Since each update for a spider relies on different versions of source code or software packages, it is appealing to develop a spider to contain its full computing environment and be isolated from the underlying software and hardware environments.
Discussion
In summary, all human research scans taken at VUIIS today are automatically routed to a long-term PACS archive and mirrored in an XNAT server to provide secure, multi-site access to data resources. Our VUIIS XNAT/DAX systems have enabled large-scale automated analysis and quality assurance/control with a reasonable level of human oversight. Since 2010, DAX/XNAT has used 650+ CPU-years (5.6M+ CPU-hours) of image analysis at ACCRE and 200+ CPU-years (1.8M+ CPU-hours) on the MASI grid. To improve portability of the VUIIS CCI medical image storage and processing infrastructure (VUIIS XNAT + DAX + spiders), the new innovations provide an additional implementation that isolates the infrastructure from the underlying hardware and OS. The portable infrastructure may be deployed to another HPC center conveniently. Moreover, the containerized spiders are ready to run on HPC clusters or workstations, which enables efficient algorithm deployment and version management.

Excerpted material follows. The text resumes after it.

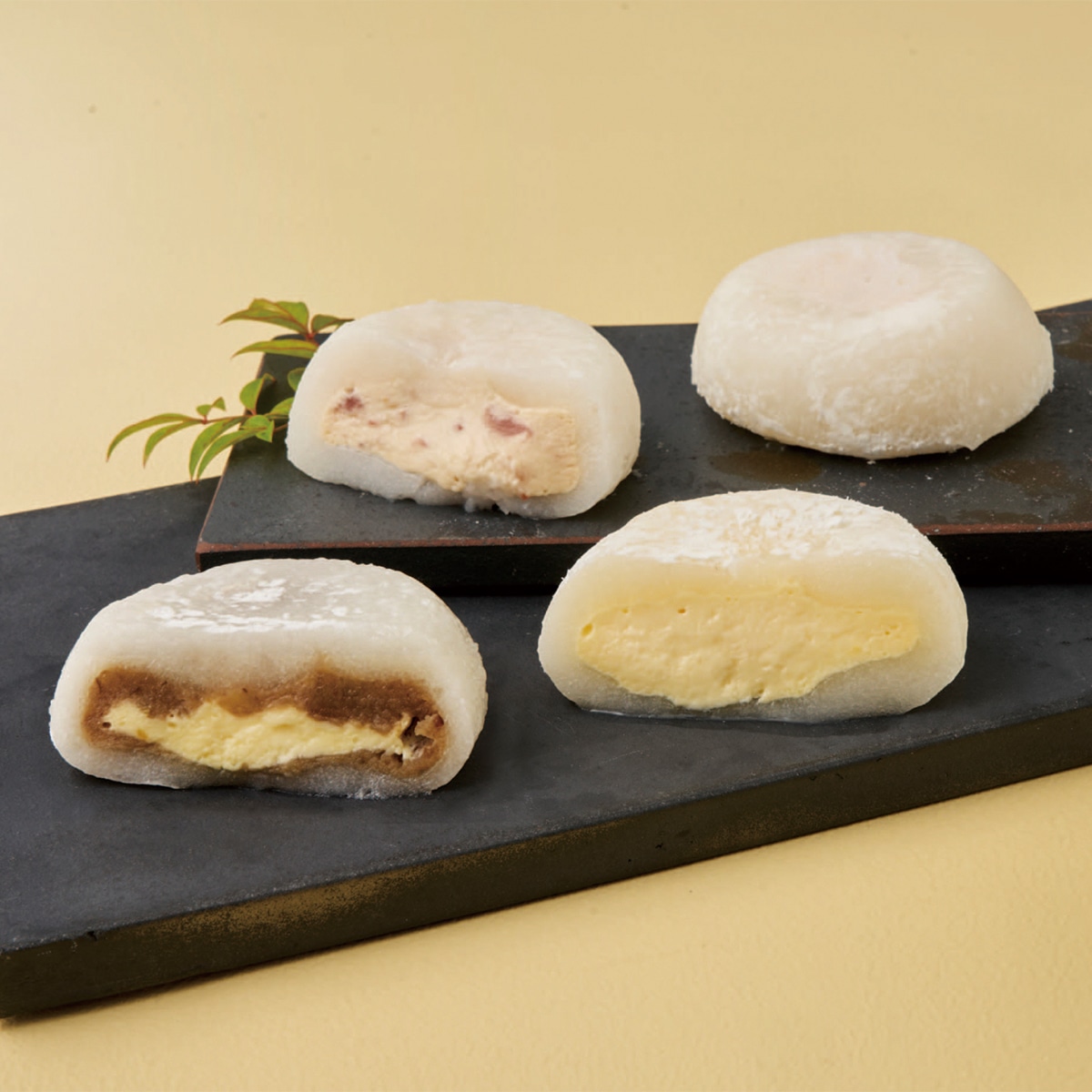 くちどけにこだわった「とろけるくりーむ大福」。冷たいままでもくちどけの良いスプーンで食べる大福です。とろけるくりーむ大福カスタード:手で持って食べることができないほど柔らかいとろける生地で、カスタードクリームを包み込みました。とろけるくりーむ大福あまおう苺:あまおう苺のクリームをとろけるくちどけの生地でたっぷりと包み込みました。とろけるくりーむ大福栗あんカスタード:優しい甘さのとろける生地で栗あんと、なめらかなカスタードクリームを包みました。栗の風味、渋みを感じる粒入りの栗あんを使用することで上品な味わいに仕上げました。

Although large-scale image processing has become essential in scientific research and clinical investigation, very few modern approaches are routinely used in clinical practice. A key barrier to clinical translation of image processing techniques is the evaluation and characterization of techniques at scale. Existing medical imaging automation and data interaction approaches have largely been designed for traditional well-controlled studies, and it is difficult to apply these frameworks to the more diverse data of clinical practice. With “big” imaging data, acquisitions are not uniform (e.g., multi-site issues, hardware/software changes, acquisition differences, personnel changes, etc.), and it is not clear which of the myriad of potential factors will be most challenging for image processors to generalize across. Furthermore, as many medical imaging applications begin to utilize deep learning approaches, accessible and translatable access to GPU interfaces and hardware is paramount for broad usage. Hence, creating algorithms to robustly function with big imaging data becomes a Herculean effort, in particular in the context of GPU programming.
Another interesting direction is to further improve the efficiency of large-scale data storage and image processing. We have previously investigated the theory, algorithm, and implementation of using Hadoop [
45] and a data colocation grid framework [
46]. We also presented a “medical image processing-as-a-service” grid framework that offers promise in utilizing the Apache Hadoop ecosystem and HBase distributed data store for data colocation by moving computation close to medical image storage [
47]. It is appealing to integrate such techniques with the Vanderbilt University HPC clusters to improve computational efficiency under Big Data scenarios.